テミスは腕を組み、渋そうな顔をして言った。

「彼は変人ということでも有名なのよ。他のギルドも誘ってるけど全然乗ってこないらしいわ。お陰で今もフリーなんでしょうけど」
「そりゃまた……大変そうで。――まあわかった、候補には入れておこう。他には?」

 次に提案したのはコバートだった。

「やっぱ経験豊富な人がいいよな。場数踏んでるってだけで価値あるぜ」
「――一理あるわね。そういう人程どんな状況でも冷静な判断を下すものだし」
「ふむ……。確かにそんな人がいれば欲しいけど、引き抜きとかでないと難しいんじゃないか?」
「そこは心配ない! 今フリーでなおかつそれに当てはまる人に心当たりがある!」
「おお……いいね!」
「今度時間ある時紹介するわ!」
「頼む」

 そして怜央が他に無いか聞いたところ、もう意見も出てこなかったのでメンバー集めに関してはこれで打ち切った。
怜央はこの時、傍らに佇むリヴィアに何度も熱視線を送っていたのだが、本人が気付いていたかは定かではない。

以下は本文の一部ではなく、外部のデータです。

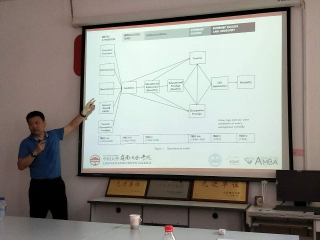 2017年9月15日下午,长江学者青年学者、国家杰青获得者、珠江学者特聘教授、中山大学岭南(大学)学院施俊琦教授为管理学院教师做了“如何做好组织行为学研究”的学术报告。学术报告由管理学院副院长孙秀梅主持,高厚礼书记、程钧谟院长和部分教师参加。
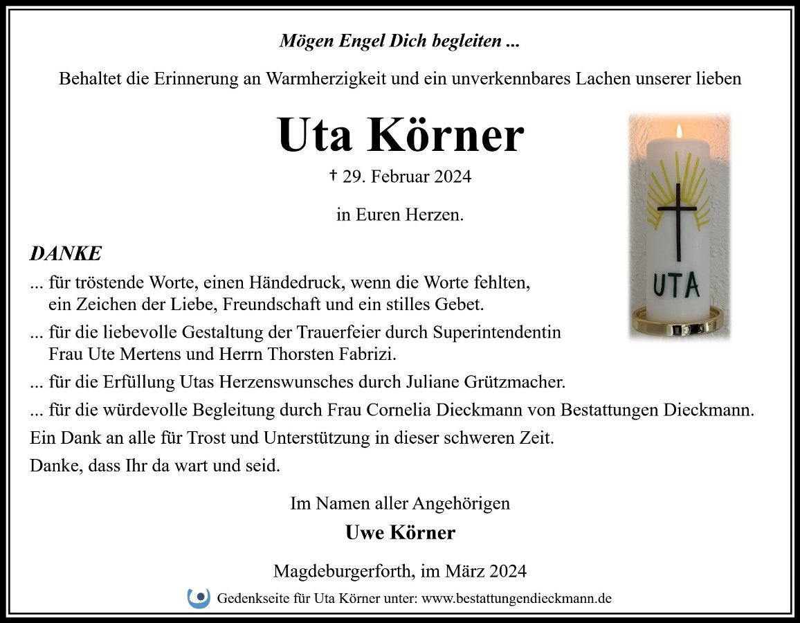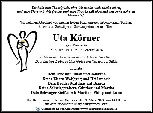 Liebe Uta, schade, dass deine Lebenszeit so kurz war. Es tut mir sehr leid.

「そういえば話は変わるけど、結局怜央はどこの学部にするのよ? 選択の締切までそんな無いわよ?」
「学部かー。特に取りたいと思ってる講義には特定の学部じゃないと受けられないっていう講義もないんだよなあ……。とりあえず、俺の能力を考えると異能学部が順当かな」

 アリータはデザートのアイスに手を付け始めた。

「決まってるなら早めにしといた方がいいわ。携帯から登録できるし、一瞬で終わるわよ」
「ああ、今夜にでも登録するよ」

 気を使ってくれたことに感謝しつつ、怜央はある程度腹も膨れたので席を立った。
怜央はテーブルの隅で書類に記入すると、それを持って出かける素振りを見せた。

「夏目様、これからお出かけですか?」
「ああ、どうせだからもう出してこようと思ってさ」

 怜央はシエロに書類を掲げ見せた。

「そういうことでしたら、私も一緒に行きます!」
「そんなわざわざ来なくても大丈夫だよ」
「いえ! 街にも慣れたいですし、ここは是非!」

 引かないシエロに怜央は折れた。

「わかった。じゃあ行こうか」
「はい!」
「どうせならミカエルも一緒に見て回る?」
「よろしいのですか?」
「勿論」

 こうして、シエロとテミスを連れて、学生課へと赴くことになった。